For the sake of bloody money, Trump is not imposing necessary sanctions on Saudi Arabia. Fearful of losing “friendship,” Robertson is not being a prophetic voice against the U.S.-Saudi bloody deal.
To support Trump in everything is a dangerous undertaking. Christians support King David in everything he gave a good example. But even he, who was a man after the heart of God, was not perfect. He adulterated with Bathsheba and had her husband killed.
If Christians would support David in everything, they would eventually support also adultery and murder, just because David did it.
If Christians cannot support David’s sins, why is televangelist Pat Robertson justifying Saudi crimes for the sake of Trump?
Even liberal Canada has condemned Saudi Arabia over human rights abuses. If liberal Canada can do it, why cannot the U.S. do it? Why cannot Robertson and other U.S. evangelicals do it?

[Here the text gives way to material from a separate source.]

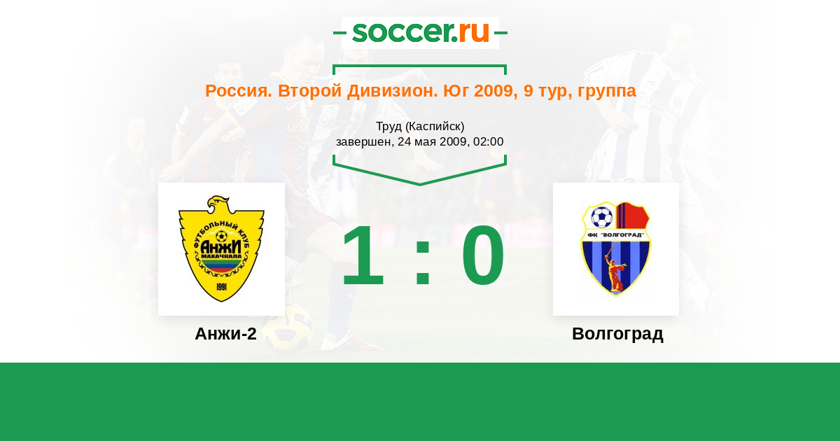 Россия. Вторая лига. Группа 1 10.09.2009 Волгоград Логотип футбольный клуб Волгоград 4:2 Логотип футбольный клуб Дагдизель (Махачкала) Дагдизель

Robertson has with Trump the same relationship that Nathan the Prophet had with King David. Robertson always have positive messages to Trump. Nathan had always positive messages to David.
Yet, when David sinned, Nathan was sent by God to give him a non-positive message. Has not Robertson been attentive to God’s voice to do for Trump the same thing Nathan did for David?
A relationship is only friendship when both parts are free and sincere to approve and disapprove the good and bad acts of one another. When the message is always positive, there is not real friendship, but only opportunism.
The flatterer flatters everything the flattered individual does right and wrong. A true Christian approves and praises everything that needs to be approved and reproves everything that needs to be disapproved.
If places were changed and Nathan were today before Trump, he would bring to Trump from God a disapproving message about Saudi Arabia, Trump’s appointment of homosexual activists and much more.
What would Robertson do about David’s adultery and his order to murder Bathsheba’s husband?
The U.S. has given no protection to Middle East Christians, but the military protection the U.S. has given to Saudi Arabia, whose Sunni Islam is a great killer of Christians, is a big offense against Christians in Middle East.
Kings and presidents need from Christians not only a sweet and positive voice. They need also a prophetic voice, which is not always positive.
May God raise U.S. evangelicals to be the necessary prophetic Nathan that Trump needs.
With information from NewsMax and Vox.